Политическое кредо Диккенса не менялось, хотя время от времени находились люди, утверждавшие обратное. Выступая в Бирмингеме в 1869 году, Диккенс сказал: «Моя вера в людей, которые правят, в общем, ничтожна; моя вера в народ, которым правят, в общем, беспредельна». Оба слова — «людей» и «народ» — были напечатаны со строчной буквы, что дало многим повод обвинить писателя в отречении от демократии. Диккенс незамедлительно отвечал, что его убеждения не переменились: он не верит в правителей Англии, но верит в Народ.
И все же, я полагаю, у этого либерализма всегда были четко очерченные границы. Сколько бы ни провозглашал Диккенс независимость своих взглядов, определенные группы людей, «не вписывавшиеся» в общество, с трудом могли рассчитывать на его благосклонность. Он не разделял крайних предрассудков. Можно с полной уверенностью утверждать, что, например, расистом в нашем понимании он, конечно, не был. В «Нашем общем друге» он с примерной объективностью показал добропорядочного правоверного еврея Райя, поскольку покупательница его Тэвисток-хаус миссис Дэвис, еврейка, призналась ему, что из-за Фейгина еврейская община считает Диккенса заклятым врагом их нации. Но, даже ужаснувшись этому обвинению, он совершенно искренне удивлялся честности Дэвисов в вопросах, связанных с покупкой дома. Так же обстояло дело и с неграми: «...бесспорный факт, что, когда несколько цветных собираются вместе, от них исходит запах, не очень радующий обоняние, и я был вынужден поспешно отступить из их опочивальни. Я глубоко убежден, что в этой стране (США) они скоро полностью вымрут. Когда посмотришь на них, то представляется абсурдной сама мысль о том, что они удержатся рядом с неутомимым, умным, энергичным и просто сильным народом».

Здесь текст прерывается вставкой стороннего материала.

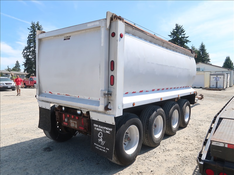 QUAD/A 53,000 LB GVWR, 17' ALUMINUM BOX PUP TRAILER, SPRING SUSPENSION, REAR STEER AXLE, A/B, LOAD TARPING SYSTEM, 385/65R22.5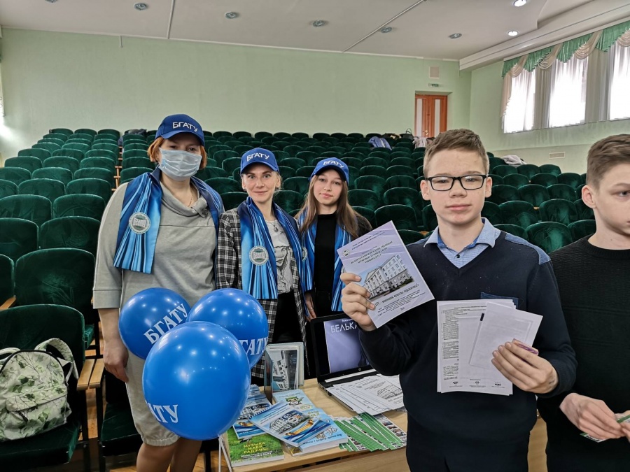 Данное мероприятие вызвало оживленный интерес у учащихся. Стенды учреждений образования привлекали к себе внимание заметным оформлением, цветовой гаммой, иллюстративным материалом. Стенд БГАТУ, выдержанный в цветовой гамме нашего университета, притягивал взгляды учащихся, они останавливались у него для знакомства со специальностями и с интересом слушали наших представителей об особенностях поступления и учебы в нашем учреждении образования, а также уносили с собой рекламную продукцию (буклеты, закладки-линейки, брелоки, блокноты, шарики) с мыслью приехать к нам в качестве абитуриента.

В числе дурацких обывательских толков, отравивших жизнь несчастного Невила Ландлеса после исчезновения Эдвина Друда, была и сплетня о том, что до приезда в Англию по его приказанию где-то засекли до смерти каких-то «туземцев», о которых в Клойстергэме знали только, что все они черные, все очень добродушные, себя всегда называют «мой», а прочих людей «масса» или «мисси».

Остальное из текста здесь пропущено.